Re: Query not using index, please explain.

From: Matthew Hagerty <mhagerty(at)voyager(dot)net>
To: Richard Poole <richard(dot)poole(at)vi(dot)net>
Cc: pgsql-hackers(at)postgresql(dot)org
Subject: Re: Query not using index, please explain.
Date: 2001-03-08 19:43:54
Message-ID: 5.0.2.1.2.20010308143430.02c6b048@pop.voyager.net
Views: Raw Message | Whole Thread | Download mbox | Resend email
Thread:
Lists: pgsql-hackers

Richard,

Thanks for the response, I guess I should have included a little more
information. The table contains 3.5 million rows.

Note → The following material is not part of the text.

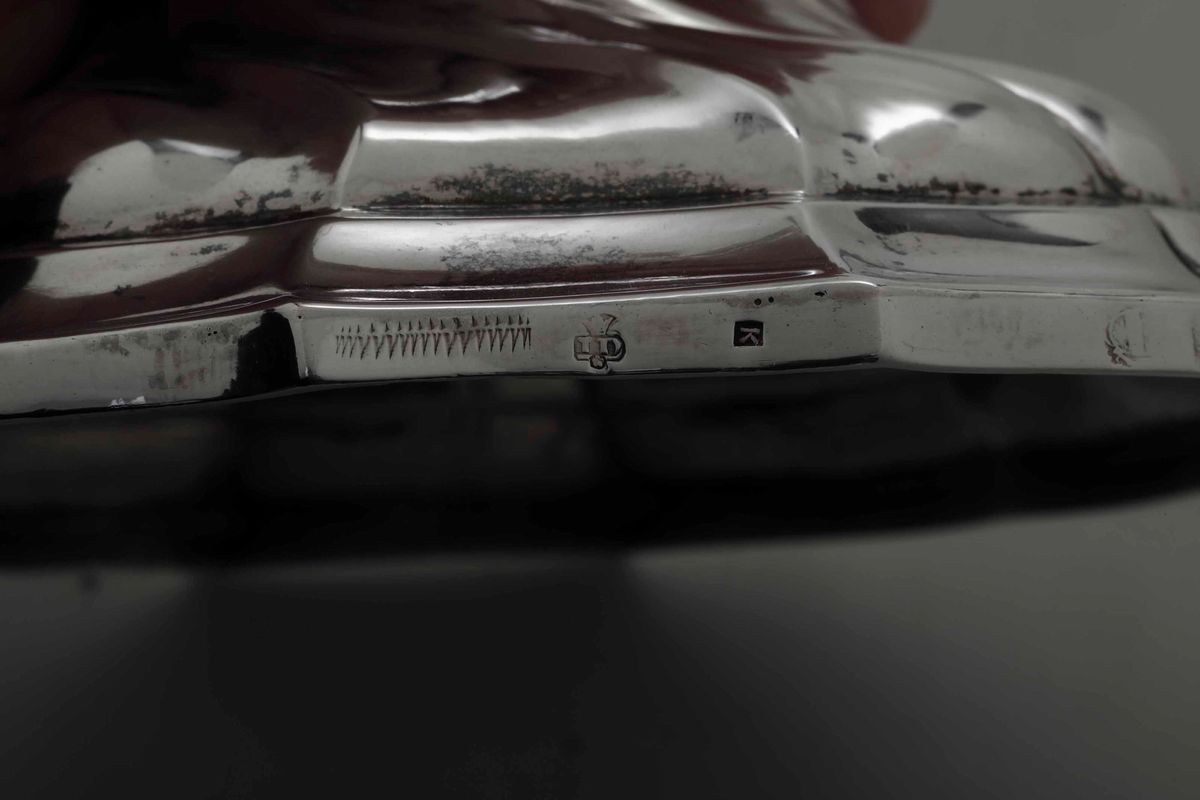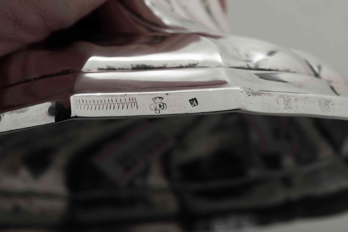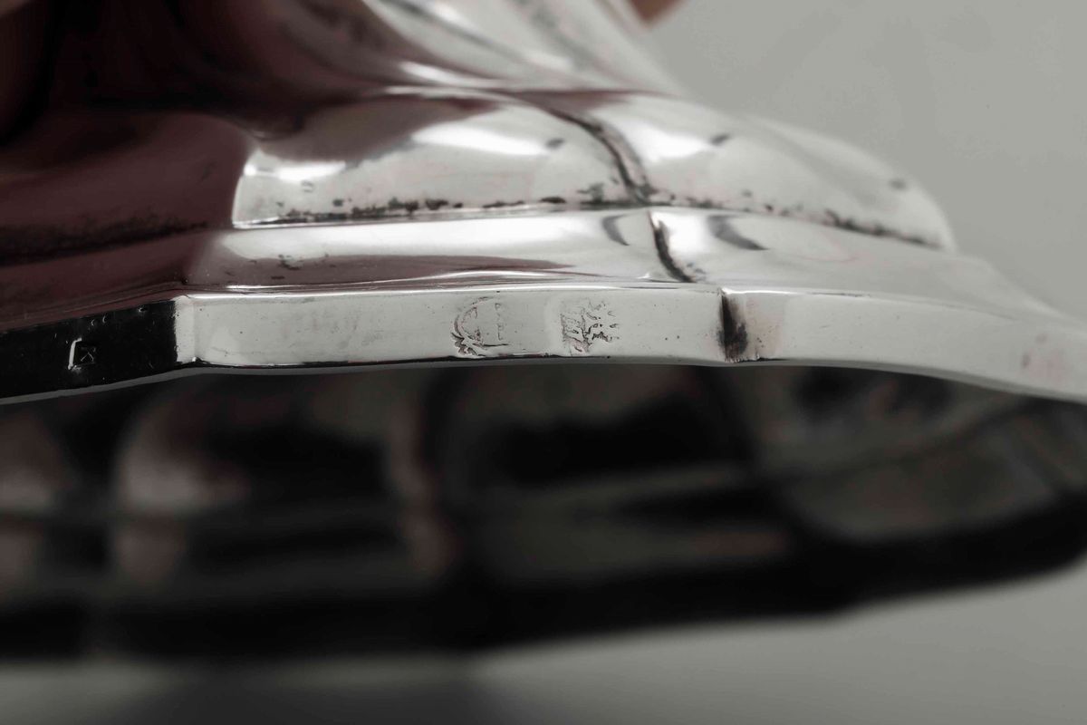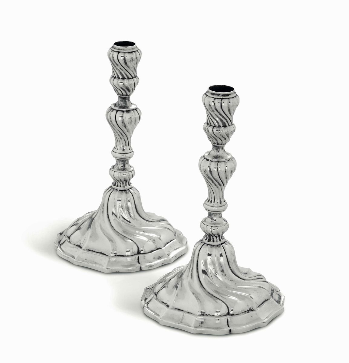 Coppia di candelieri in argento fuso, sbalzato e cesellato. Belgio, città di Liegi 1772

The indexes were
created after the data was imported into the table and I had just run
vacuum and vacuum analyze on the database before trying the queries and
sending this question to hackers.

When I turned the seqscan variable off and ran the query with the
'04-01-2000' date the results were literally instantaneous. Turn the
seqscan back on and it takes right around 3 minutes. Also, the query for
any date older than the '04-01-2000' returns zero rows. The actual number
of rows for the '04-01-2000' select is right around 8300.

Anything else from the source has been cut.